══ Source data ══

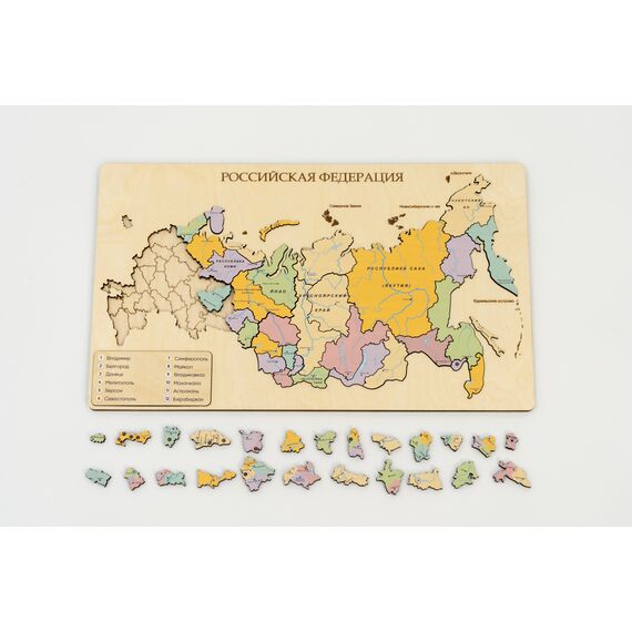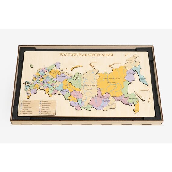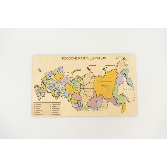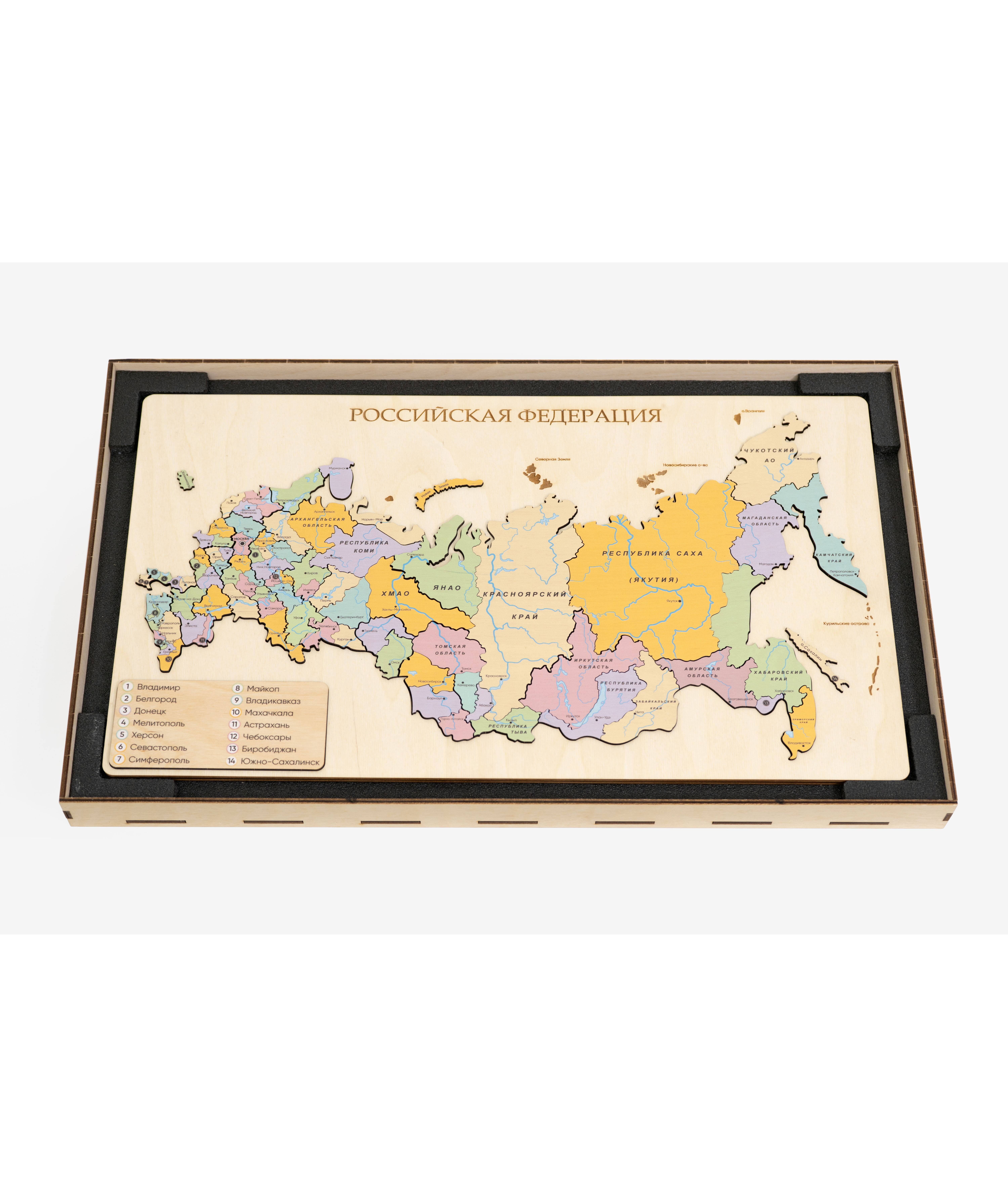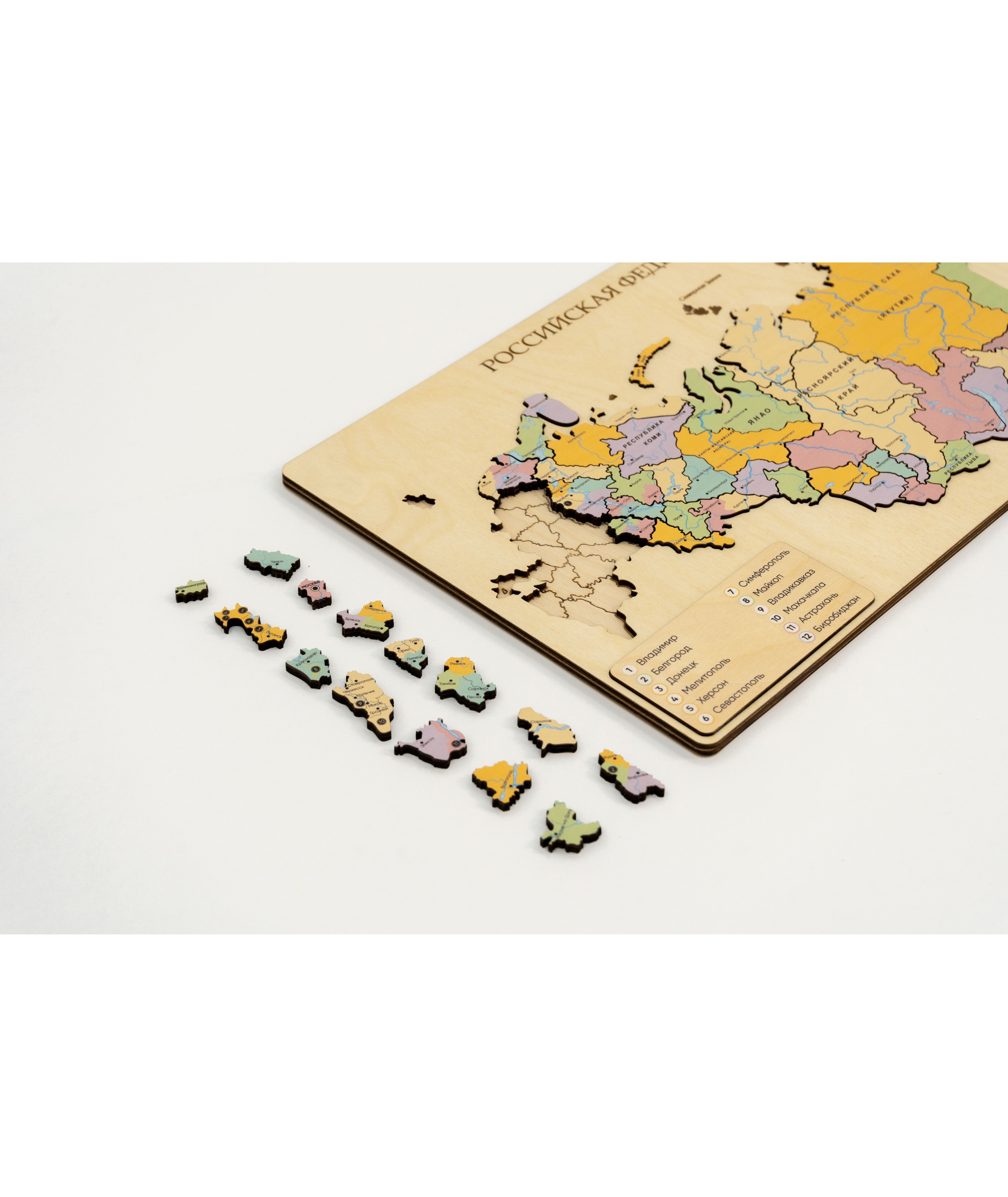 Карта-пазл административно-территориального деления России. Играя с картой и складывая фрагменты пазла, дети запоминают важную информацию про территориальное устройство своей страны, что делает карту-пазл незаменимым ресурсом для географических и патриотических уроков. Образовательная карта-пазл идеально подходит для использования в школьных классах и других образовательных учреждениях.
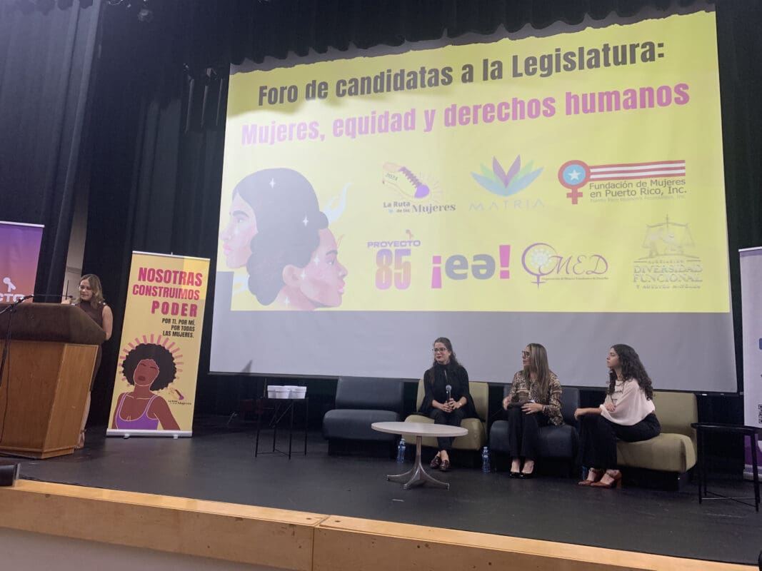 Las candidatas a la Cámara de Representantes, Lilibeth Rosas del Partido Popular Democrático (PPD) y Adriana Gutiérrez Colón del Partido Independentista Puertorriqueño (PIP), así como Cristina Pérez Reyes, candidata al Senado por el Movimiento Victoria Ciudadana (MVC), expresaron estas ideas durante el Foro de candidatas a la legislatura: Mujeres, equidad y derechos humanos. Este evento fue organizado por La Ruta de las Mujeres, un proyecto de apoderamiento social y político que forma parte de Proyecto Matria y que es subvencionado por la Fundación de Mujeres de Puerto Rico. El foro fue moderado por la periodista Grenda Rivera Dávila.
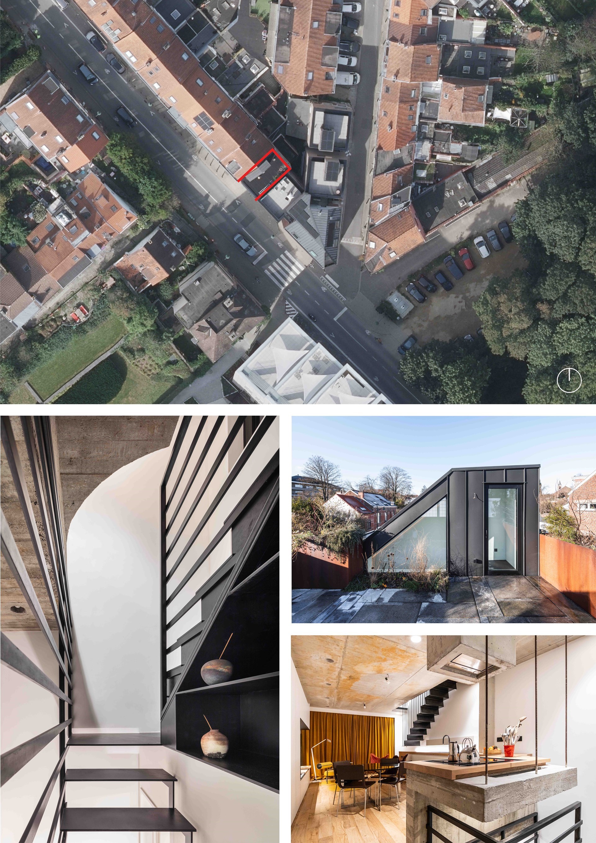 In Oudergem stond EDA–AU in voor het ontwerp van een eengezinswoning met twee gevels. Met een breedte van minder dan vier meter en een diepte tussen de acht en tien meter, plus twee meter tuin, volgt het de lijnen van de volumes van de naburige woningen. De woning bestaat uit twee gevels, maar geniet vanuit één gevel van direct licht en uitzicht op het landschap. Het architectenbureau ontwierp een gebouw in een U-vorm waarvan de vide uitkijkt op het begroeide gebied boven de rijweg.

═══

> Task brief
Please give back the data above word for word, with no pictures included.

> Task response
 Карта-пазл административно-территориального деления России. Играя с картой и складывая фрагменты пазла, дети запоминают важную информацию про территориальное устройство своей страны, что делает карту-пазл незаменимым ресурсом для географических и патриотических уроков. Образовательная карта-пазл идеально подходит для использования в школьных классах и других образовательных учреждениях.
 Las candidatas a la Cámara de Representantes, Lilibeth Rosas del Partido Popular Democrático (PPD) y Adriana Gutiérrez Colón del Partido Independentista Puertorriqueño (PIP), así como Cristina Pérez Reyes, candidata al Senado por el Movimiento Victoria Ciudadana (MVC), expresaron estas ideas durante el Foro de candidatas a la legislatura: Mujeres, equidad y derechos humanos. Este evento fue organizado por La Ruta de las Mujeres, un proyecto de apoderamiento social y político que forma parte de Proyecto Matria y que es subvencionado por la Fundación de Mujeres de Puerto Rico. El foro fue moderado por la periodista Grenda Rivera Dávila.
 In Oudergem stond EDA–AU in voor het ontwerp van een eengezinswoning met twee gevels. Met een breedte van minder dan vier meter en een diepte tussen de acht en tien meter, plus twee meter tuin, volgt het de lijnen van de volumes van de naburige woningen. De woning bestaat uit twee gevels, maar geniet vanuit één gevel van direct licht en uitzicht op het landschap. Het architectenbureau ontwierp een gebouw in een U-vorm waarvan de vide uitkijkt op het begroeide gebied boven de rijweg.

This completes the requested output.